Many of the sectors which account for
a large proportion of female job losses over the crisis are notoriously low paid and
characterised by job insecurity. For example, four in ten of those working in female-dominated retail and
wholesale are paid less than the real Living Wage.
In hospitality, also a majority
female workforce, 80% of workers reported that they were already struggling with
their finances before going into lockdown. A return to the status quo will
merely cement women’s labour market inequality and in-work poverty.

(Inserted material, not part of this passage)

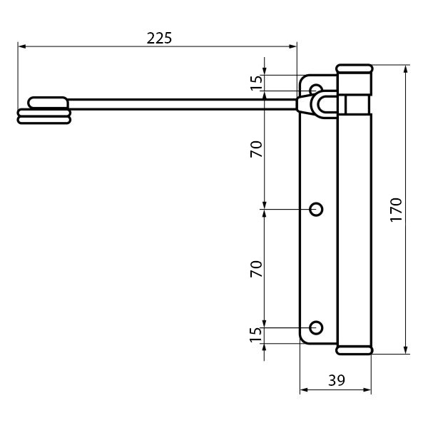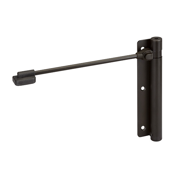 Італійський виробник ALDEGHI LUIGI славиться своєю якісною та надійною дверною фурнітурою. Дана модель дотягувача встановлюється переважно на двері та хвіртки з максимальною вагою до 60 кг, шириною до 950 мм та висотою до 2100 мм. Монтується накладним методом на рамі зі сторони завісів. Швидкість зачинення регулюється посиленням або ослабленням натягу пружини звичайним шестигранним ключем, який йде у комплекті. Працює тихо завдяки спеціальному прихованому під корпусом гумовому колесу. В чорному цинковому кольорі найкраще буде доповнювати двері або хвіртку аналогічних темних відтінків для того, щоб максимально уникнути контрастів та не привертати зайвої уваги.

While furlough has gone some way to protect employment and earnings for some women, key features of the Job Retention Scheme actually increased the likelihood of women leaving work in order to care, particularly at the start of the crisis. As a result of the failure to embed gender analysis in policymaking, the House of Commons’ Women and Equalities Committee concluded that the design of furlough “overlooked - and in some respects continues to overlook - the specific and well-understood labour market and caring inequalities faced by women.”
As furlough comes to an end and the impacts of the pandemic on employment become clear, we cannot afford for women’s labour market equality to continue to be an afterthought in policymaking. It’s time to put gender equality at the heart of fair work and to prioritise policies and interventions which tackle occupational segregation, women’s low pay and the continued undervaluation of women’s work.
Scottish Government’s forthcoming National Strategy on Economic Transformation is an opportunity to prioritise action on the structural issues which underpin women’s economic inequality. Close the Gap has advocated that a fairer and greener economy has to be an economy that also works for women.